In this article, you will learn how to crawl and scrape websites in JavaScript using Node.js. Read on to learn more.
🔑 Key Takeaways
- NNode.js enables JavaScript execution outside the Chrome browser console, previously its only platform.
- The request URL is https://techjury.net/, accompanied by an HTTP header mimicking a genuine browser request.
- Run the code in VS Code’s Terminal by typing “node webscraper.js.” Use the JavaScript file name you’ve chosen.
- Remember, websites evolve, and methods may lose efficacy over time.
How To Crawl And Scrape Websites In JavaScript?
Web scraping and crawling will be easy with this beginner-friendly guide. However, before you start scraping, there are a few requirements that you must have.
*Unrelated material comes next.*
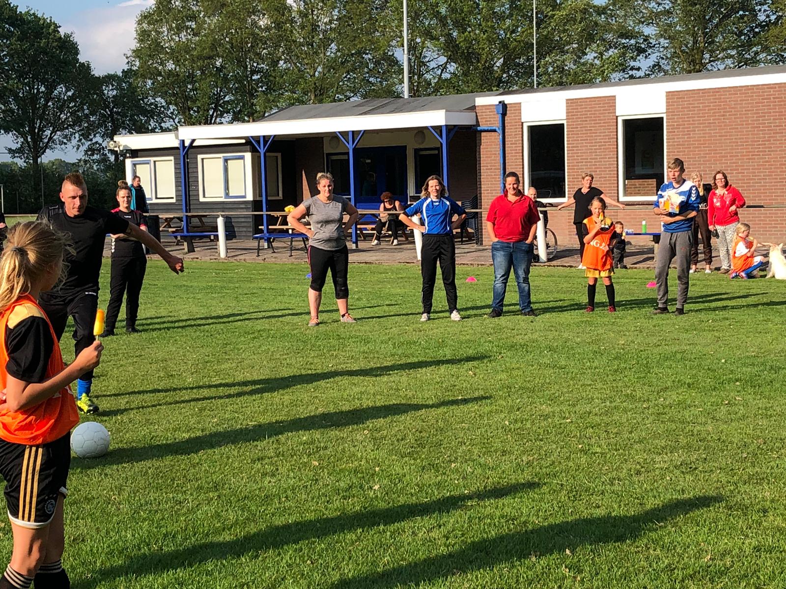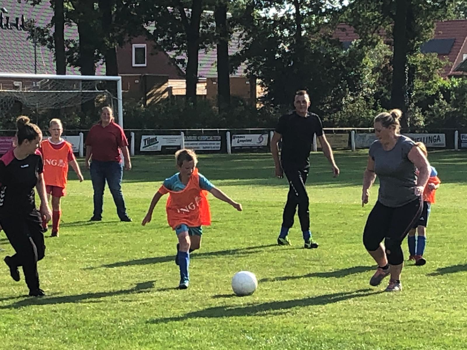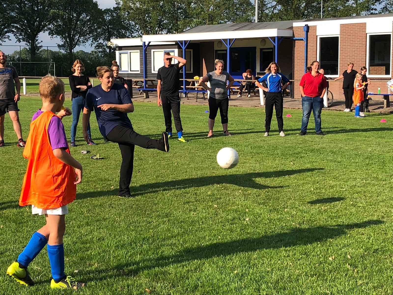 De ouders waren echter niet van plan, al was het maar voor de leuk, om de kids te laten winnen. Martine Dekker stormde met volle kracht vooruit en passeerde pardoes drie jeugdspelers. Een ongelukkig liggend takje deed de bal curven en uitkomen voor de voeten van Hilde Koops. Zij raakte, tot enthousiasme van het publiek het leer volkomen verkeerd. Helaas had ook keeper Jurre Luttikhuis de slappe lach en kon hij de bal niet voldoende keren. Zo kon vrouw Hilde alsnog juichen en met een snoekduik vierde zij haar eerste internationale treffer. De 2-2 was geboren.

✅ Pro Tip Web scraping fetches data and grants control but can be tricky at scale. Enter Bright Data’s Scraping Browser – an advanced tool using an automated browser to surpass traditional limits. |
These requirements are the following:
- Node.js – This enables JavaScript to run outside of the Chrome browser console since JavaScript only ran on Chrome back in the day. You can go to their site and download the latest version.
- Code editor or IDE – It is where you can write your JavaScript codes. It is recommended to use VS Code for simplicity. However, you can use any code editor you are familiar with.
Make sure to test first to see if those two are installed properly. You can do this in your Command Prompt on Windows or Terminal on Mac.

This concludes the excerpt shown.